Li Zhengteng, Liu Hongmei, Wang Min, Wang Xiankai, Pan Dongmei, Ma Aidong, Chen Yang
Department of Radiology, Jining No.1 People's Hospital, No. 6 Jiankang Road, Rencheng District, Jining, 272000, China.
Thyroid and Breast Surgery, Jining No.1 People's Hospital, No. 6 Jiankang Road, Rencheng District, Jining, 272000, China.
BMC Med Imaging. 2024 Jun 12;24(1):143. doi: 10.1186/s12880-024-01305-5.
This study developed and validated a nomogram utilizing clinical and multi-slice spiral computed tomography (MSCT) features for the preoperative prediction of Ki-67 expression in stage IA lung adenocarcinoma. Additionally, we assessed the predictive accuracy of Ki-67 expression levels, as determined by our model, in estimating the prognosis of stage IA lung adenocarcinoma.
We retrospectively analyzed data from 395 patients with pathologically confirmed stage IA lung adenocarcinoma. A total of 322 patients were divided into training and internal validation groups at a 6:4 ratio, whereas the remaining 73 patients composed the external validation group. According to the pathological results, the patients were classified into high and low Ki-67 labeling index (LI) groups. Clinical and CT features were subjected to statistical analysis. The training group was used to construct a predictive model through logistic regression and to formulate a nomogram. The nomogram's predictive ability and goodness-of-fit were assessed. Internal and external validations were performed, and clinical utility was evaluated. Finally, the recurrence-free survival (RFS) rates were compared.

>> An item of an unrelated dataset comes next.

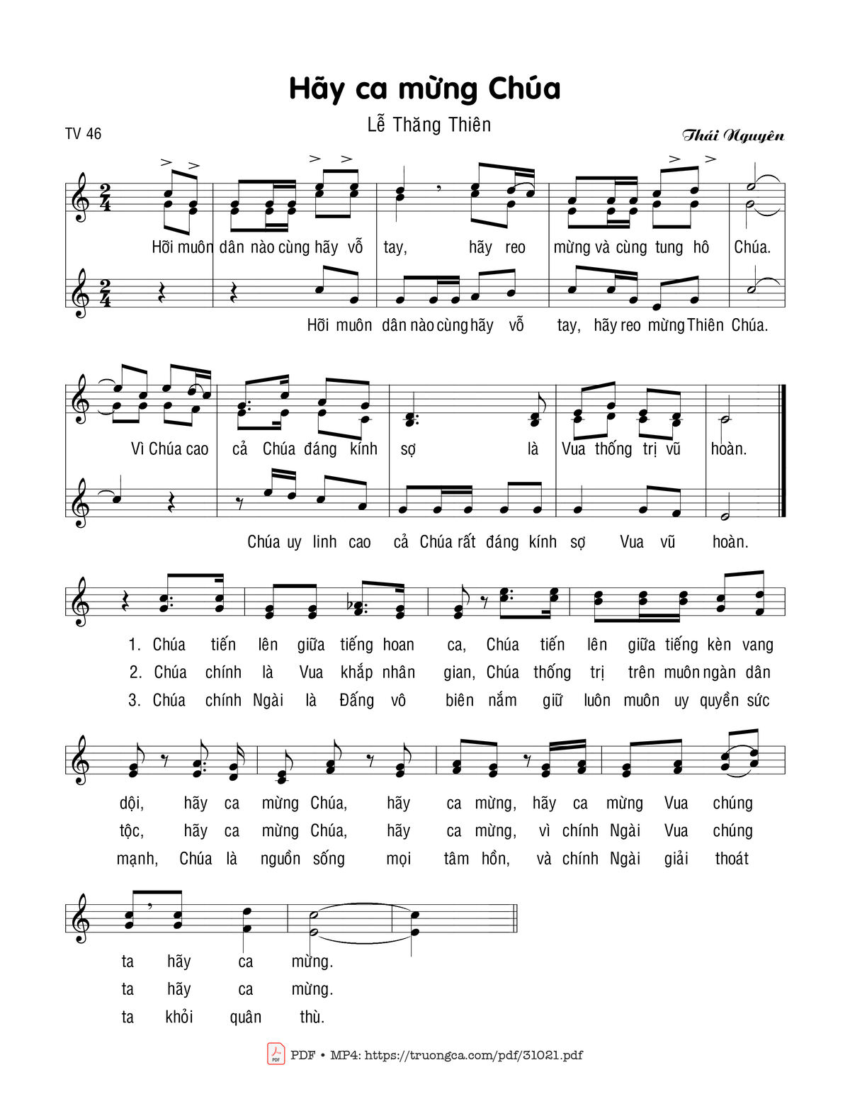 Sheet music Hãy ca mừng Chúa by Thái Nguyên and PDF file was posted here to support you to practice singing perfectly. Sheets with notes and chords are for reference only, for non-commercial purposes only, not involved with earning money by buying and selling. Copyright is belong to song writer/author and copyright owner. Truongca.com do not own any copyrighted content. You can download the high-quality PDF files which contain staffs by PDF link above.

In the training group, sex, age, tumor density type, tumor-lung interface, lobulation, spiculation, pleural indentation, and maximum nodule diameter differed significantly between patients with high and low Ki-67 LI. Multivariate logistic regression analysis revealed that sex, tumor density, and maximum nodule diameter were significantly associated with high Ki-67 expression in stage IA lung adenocarcinoma. The calibration curves closely resembled the standard curves, indicating the excellent discrimination and accuracy of the model. Decision curve analysis revealed favorable clinical utility. Patients with a nomogram-predicted high Ki-67 LI exhibited worse RFS.

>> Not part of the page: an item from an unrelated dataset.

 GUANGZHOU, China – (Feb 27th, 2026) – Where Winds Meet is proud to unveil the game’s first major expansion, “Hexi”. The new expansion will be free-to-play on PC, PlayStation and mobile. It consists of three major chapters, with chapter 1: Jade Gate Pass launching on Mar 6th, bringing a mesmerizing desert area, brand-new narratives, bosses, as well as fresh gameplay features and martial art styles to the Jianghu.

The nomogram utilizing clinical and CT features for the preoperative prediction of Ki-67 expression in stage IA lung adenocarcinoma demonstrated excellent performance, clinical utility, and prognostic significance, suggesting that this nomogram is a noninvasive personalized approach for the preoperative prediction of Ki-67 expression.

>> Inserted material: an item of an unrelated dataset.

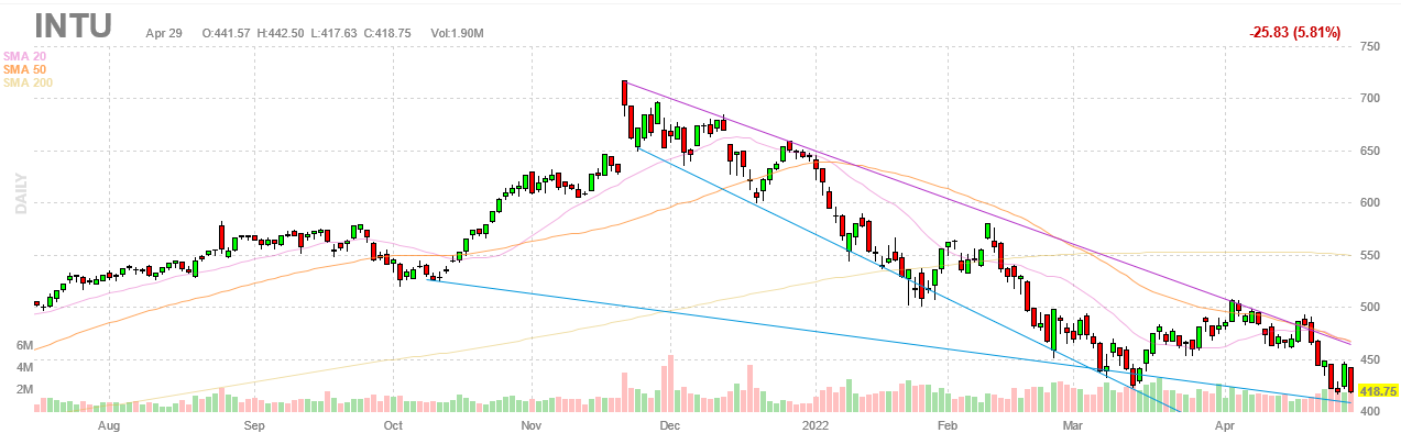 Intuit - INTU - daily chart updated for Friday April 29, 2022 close -

本研究开发并验证了一种列线图,该列线图利用临床和多层螺旋计算机断层扫描(MSCT)特征对ⅠA期肺腺癌患者术前Ki-67表达进行预测。此外,我们评估了通过我们的模型确定的Ki-67表达水平在估计ⅠA期肺腺癌预后方面的预测准确性。
我们回顾性分析了395例经病理确诊的ⅠA期肺腺癌患者的数据。总共322例患者按6:4的比例分为训练组和内部验证组,其余73例患者组成外部验证组。根据病理结果,将患者分为高、低Ki-67标记指数(LI)组。对临床和CT特征进行统计分析。训练组用于通过逻辑回归构建预测模型并制定列线图。评估列线图的预测能力和拟合优度。进行内部和外部验证,并评估临床实用性。最后,比较无复发生存(RFS)率。
在训练组中,高、低Ki-67 LI患者的性别、年龄、肿瘤密度类型、肿瘤-肺界面、分叶、毛刺征、胸膜凹陷及最大结节直径存在显著差异。多因素逻辑回归分析显示,性别、肿瘤密度和最大结节直径与ⅠA期肺腺癌高Ki-67表达显著相关。校准曲线与标准曲线高度相似,表明该模型具有出色的区分度和准确性。决策曲线分析显示出良好的临床实用性。列线图预测为高Ki-67 LI的患者RFS较差。
利用临床和CT特征对ⅠA期肺腺癌术前Ki-67表达进行预测的列线图表现出优异的性能、临床实用性和预后意义,表明该列线图是一种用于术前预测Ki-67表达的非侵入性个性化方法。